We hope. Laptop packs have hardly been free of failures.

Ideally, I'd rather see lithium cells bundled in packs with proper electronics to monitor them, and the light manufacturer's label (and reputation) attached to it. So in that sense, this is a positive development. But, the pack is only going to be as good as its worst cell, and the failure of a single cell will mean a very expensive replacement.

I got to see an SR90 in the wild last night. It was impressive.


----------



## Daylight

Astonished, amazed, almost surprised, but most grateful for this detailed and *long-awaited* review.

Today there is a before and an after in my flashaholic life, now i know that a SR90 certainly will be mine, it's time to order one.

If Olight decide someday make an aspherical head for this flashlight in 100mm diameter (better than THIS) my happiness will reach the climax. Please, please, please Olight read this 

Thank you so much for this great work Selfbuilt!!!

:bow::bow::bow::bow:


----------



## Patriot

Staggeringly comprehensive Selfbuilt. Once again and to no surprise, you've outdone yourself.  :thumbsup: :goodjob:

Thanks so much for enlightening guys like me who have neither the time, resources nor skills to assemble such a monument of excellent information. 





> *Selfbuilt*
> As for the Hi output, I look forward to the comments of those with more experience of HIDs. I suspect the SR90, and other SST-90 based lights, will drastically eat into the market of lower wattage HIDs. Please feel free to discuss …



The SST-90 in collaboration with Olight have pretty much rendered the 24-26W HID light class obsolete. The only slight advantage that this range of HID's can maintain is in their smaller size since it's not feasible for the SST-90 to run at 10A in a light the size of the Boxer24W. It could be done with IMR cells but the run-time on high would have to be actively regulated to prevent damage. I'm sure the next large format single die LEDs will run cooler and more efficiently allowing LED to overcome this final HID size advantage. 35W HID lights may very well be next on the obsolete list in a couple of years if diode surface brightness keeps increasing.


----------



## MattK

selfbuilt said:


> The tailcap is removable, which adds hope to me that separate battery packs may eventually be offered for sale. It would be great to be able to pick up a "spare" cell/handle to carry off with you ...



The spare batteries will be available next week. We actually HAVE them but our webmaster's wife had a baby last week so we're a little behind on these things. They should be available this week.


----------



## selfbuilt

:grouphug: Thanks for the support everyone!



Geode said:


> Holy bat, cowman! What a review. What a light.


:laughing:



Daylight said:


> Today there is a before and an after in my flashaholic life, now i know that a SR90 certainly will be mine, it's time to order one.


It certainly does seem like a game changer, doesn't it? We finally have a single LED that has ventured into HID territory. Pardon the pun,  but the future does look bright ...



Patriot said:


> The SST-90 in collaboration with Olight have pretty much rendered the 24-26W HID light class obsolete. The only slight advantage that this range of HID's can maintain is in their smaller size since it's not feasible for the SST-90 to run at 10A in a light the size of the Boxer24W. It could be done with IMR cells but the run-time on high would have to be actively regulated to prevent damage. I'm sure the next large format single die LEDs will run cooler and more efficiently allowing LED to overcome this final HID size advantage. 35W HID lights may very well be next on the obsolete list in a couple of years if diode surface brightness keeps increasing.

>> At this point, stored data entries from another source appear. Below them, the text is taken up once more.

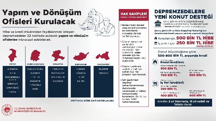 Çevre, Şehircilik ve İklim Değişikliği Bakanlığı, yerinde dönüşüm modeliyle yerinde dönüştürülecek konutlara 500 bin TL ve iş...
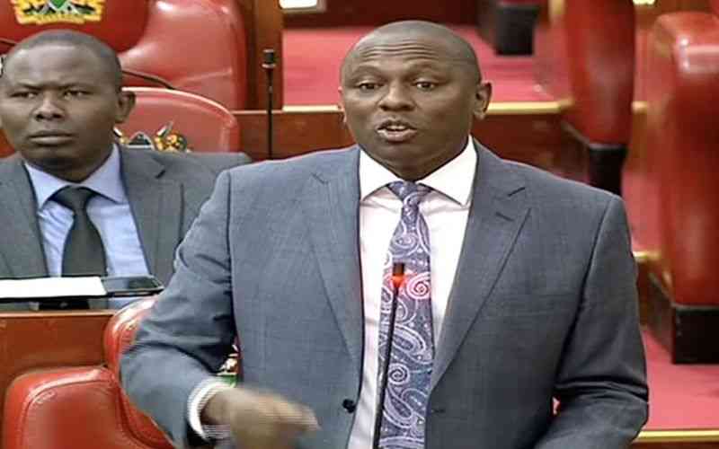 National Assembly Majority leader Kimani Ichungwa'h speaking on the floor of the house on Thursday. [Courtesy, PBU]
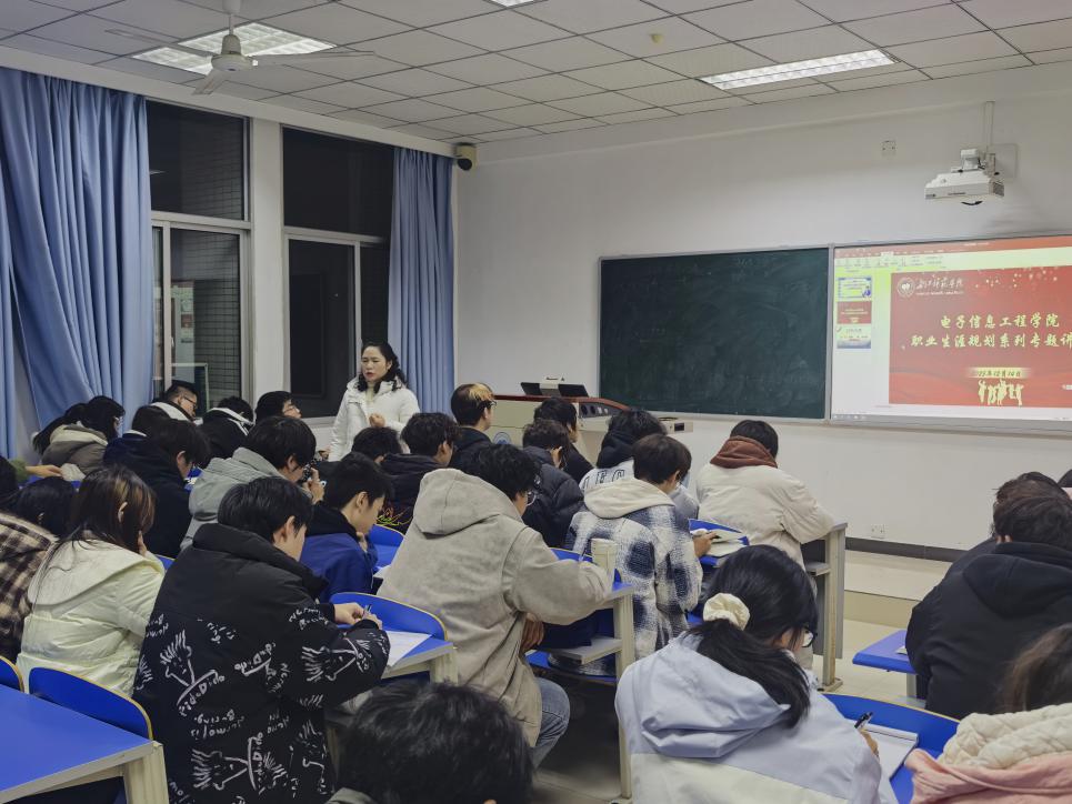 专题讲座在崇礼楼举行。2025 级辅导员谭洲敏主讲,25级全体物理学专业学生参与。
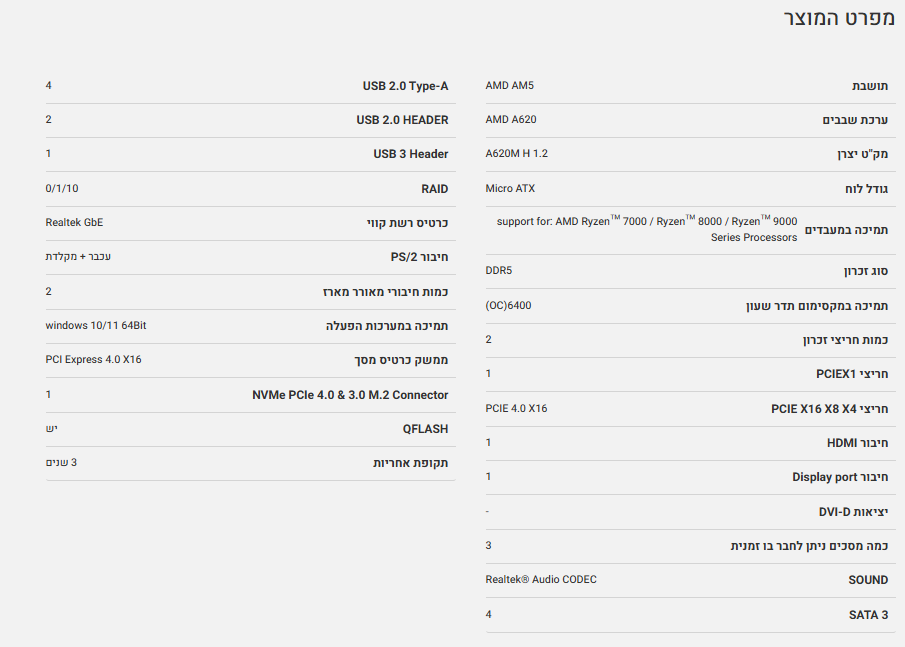 לוח למעבדי Gigabyte A620M H DDR5 1.2 mATX DP HDMI AM5 AMD
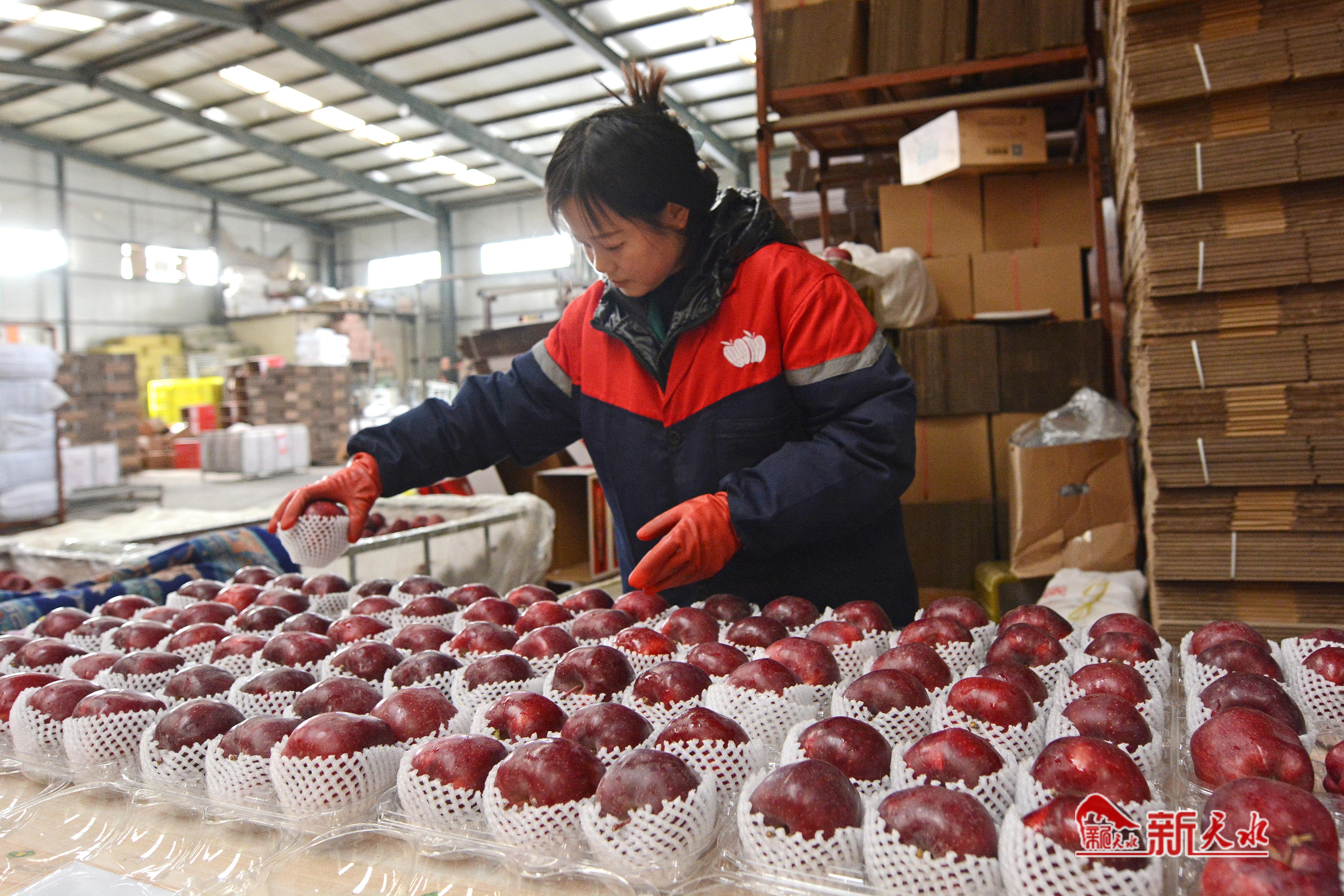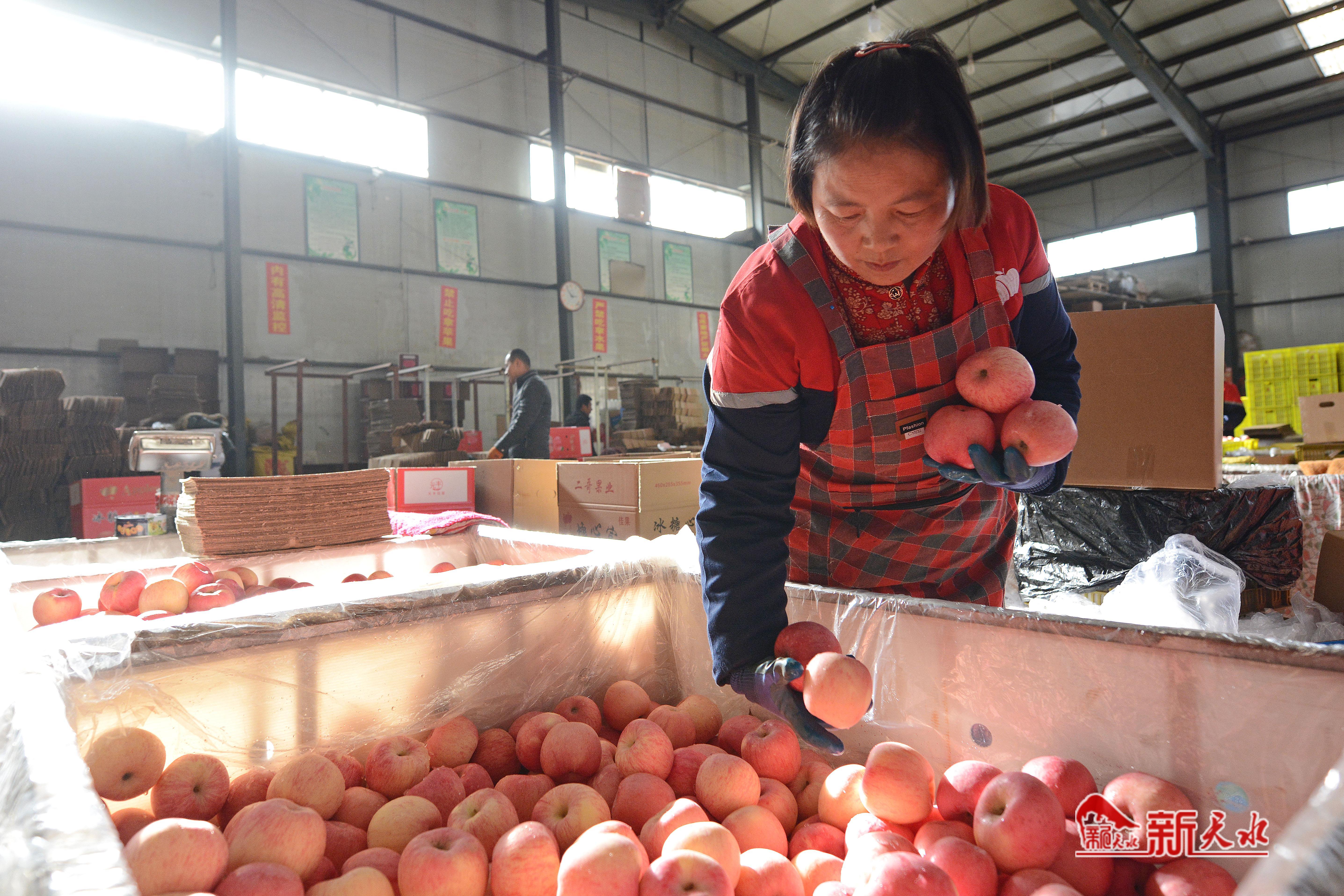 秦安县二哥果业农民专业合作社内,工作人员正在分拣包装苹果。

Yes, a good analysis methinks. It some ways it is more the proof of concept here ... I think it will be the subsequent LED advances that really make their mark.



MattK said:


> The spare batteries will be available next week. We actually HAVE them but our webmaster's wife had a baby last week so we're a little behind on these things. They should be available this week.


----------



## NaturalMystic

Thanks once again for a detailed review. That thing is a beast! Looks like it vaporized the tree in your backyard! It's there in the first posted pics then gone in the subsequent ones! (I know, I know, the ones without the tree are older shots!)

Cheers,


----------



## Juggernaut

Saw this beast of a light at PF14, have to say this is one of the most intense LED lights I have ever seen, only comparable to such lights at the DEFT, and WiseLED Tactical. “From first hand experience”, however I have to say while it throws many times better then my aspheric Tiablo A9, it will not throw 1,000 yards, The furthest tree line at Milky’s house is 860 yards away and this light could not make it out that far however it easily made out the trees at 600 yards. Not trying to put it down, but just stating what I perceived. It made my 35 watt Oracle look like a flood light “the SR90 easily beat it in throw too:thumbsup:!”


----------



## selfbuilt

Juggernaut said:


> while it throws many times better then my aspheric Tiablo A9, it will not throw 1,000 yards, The furthest tree line at Milky’s house is 860 yards away and this light could not make it out that far however it easily made out the trees at 600 yards. Not trying to put it down, but just stating what I perceived. It made my 35 watt Oracle look like a flood light “the SR90 easily beat it in throw too:thumbsup:!”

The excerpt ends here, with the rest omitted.